Ways AI can build up the manufacturing sector in 2021
- Manufacturers that fail to recognize the importance of AI are likely to lose their competitive edge
- While the current adoption rate in manufacturing is low, the prevalence of AI is expected to increase significantly by 2030
A glimpse into the future of manufacturing can be found at FANUC’s plant in Oshino, Japan. There, at one of the largest manufacturers of industrial robots in the world, the robots build, inspect and test themselves. It is in fact the world’s first factory complex with robots that create digitized “offspring” capable of machine learning and operates on a 24-hour basis. It demonstrates just how far the use of artificial intelligence (AI) in manufacturing processes has come.
While FANUC exemplifies an AI-led future, many manufacturers today still struggle to deploy the technology at scale. In fact, a 2018 PwC Global Digital Operations study of 1,155 manufacturing executives across 26 countries showed that only 9% have implemented AI in their processes to improve operational decision-making. Manufacturers are frequently facing different challenges such as unexpected machinery failure or defective product delivery.
That said, leveraging on AI and other technologies like machine learning, manufacturers can improve operational efficiency, launch new products, customize product designs, and plan future financial actions to progress on their AI transformation. A recent report by the World Economic Forum quoted Instrumental CEO and founder Anna-Katrina Shedletsky who reckons by 2025, ubiquitous streams of data and intelligent algorithms will enable manufacturing to continuously optimize towards higher levels of output and product quality – reducing overall waste in manufacturing by as much as 50%. As a result, we will enjoy higher quality products, produced faster, at a lower cost to our pocketbooks and the environment.
Industrial internet of things (IIoT) connects all IoT-enabled devices to the factory floor, integrating manufacturing processes with big data and making them programmable via a logic controller. Increased use of precision sensory equipment means that information can be generated, recorded, and analyzed for all aspects of the production process, covering anything from temperature to item picking and packaging.
Programmable logic controllers with AI capacity for deep learning can then respond automatically to the seamlessly generated information, and make alterations to the minutest function without recourse to human intervention. The big data analytics processed by AI can substantially improve performance across the entire production process and can be operated remotely.
24/7 production and safer environment
For any production facility to continue working round the clock, humans are required to work in shifts but with the help of AI, the production line can function 24/7. This allows the expansion of production capabilities, which is increasingly necessary to meet the demands of worldwide customers.
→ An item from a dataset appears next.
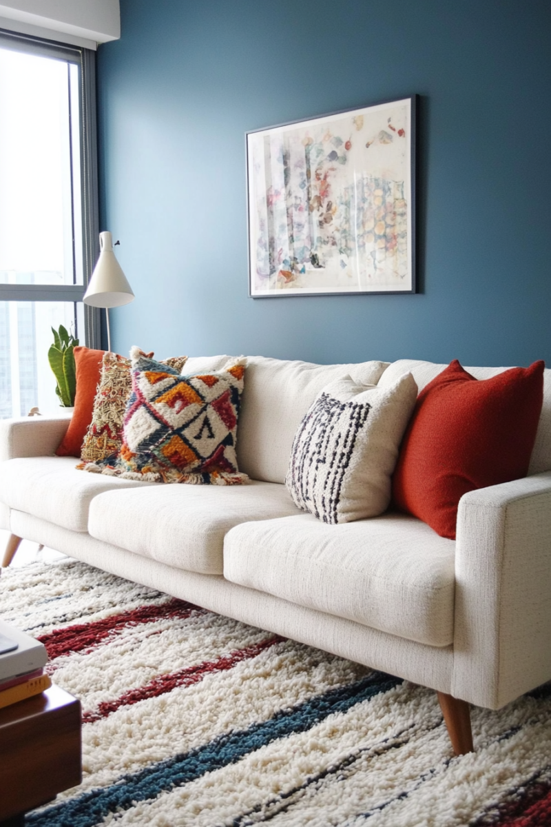 Consider pulling your sofa away from the wall by even 12 inches—this simple change can make your room feel larger and more intentionally designed.

Furthermore, robots are more efficient in many areas such as the assembly line and picking and packing departments. They can greatly reduce turn-round times in many areas of the business operation.
Errors and accidents do occur on the factory floor and in any construction or processing environment – a tendency that can be all but eradicated by AI and robotic assistance. Remote access control means a reduction in human resources, especially when the work is dangerous or requires superhuman effort. Even regular working environments will cut down on the incidence of industrial accidents and lead to an overall improvement in safety. In addition, more advanced sensory equipment integrated with IIoT devices makes the installation of safety guards and barriers a simpler and more effective measure to protect human lives.
Lower operational costs
Many companies view the introduction of AI into the manufacturing industry with trepidation, as it requires a huge capital investment but what they fail to realize is the ROI is significant and increases with time. Once intelligent machines begin to take over the daily activities of a factory floor, businesses will benefit through considerably reduced operating costs, with predictive maintenance helping additionally to reduce machine downtime.
Quality control and greater efficiency
IIoT enables the collection of vast amounts of data and advanced analytics which can be used to gain insights into consumer behavior. AI has the capacity with machine learning to anticipate information, refine processes, and track incongruities, all the way down the supply chain from source to finished product. AI is also extremely useful for carrying out predictive maintenance on machinery and equipment.
Using sensors to track performance and operating conditions, machines can learn to predict malfunctions and failures, and take action to remedy them before they occur. This can result in faster feedback, helping companies to eradicate unplanned downtimes. Sensors can even also detect the mot microscopic defects, scanning them at resolutions far beyond the capacity of human vision, thus improving productivity and increasing the percentage of items that will pass quality control.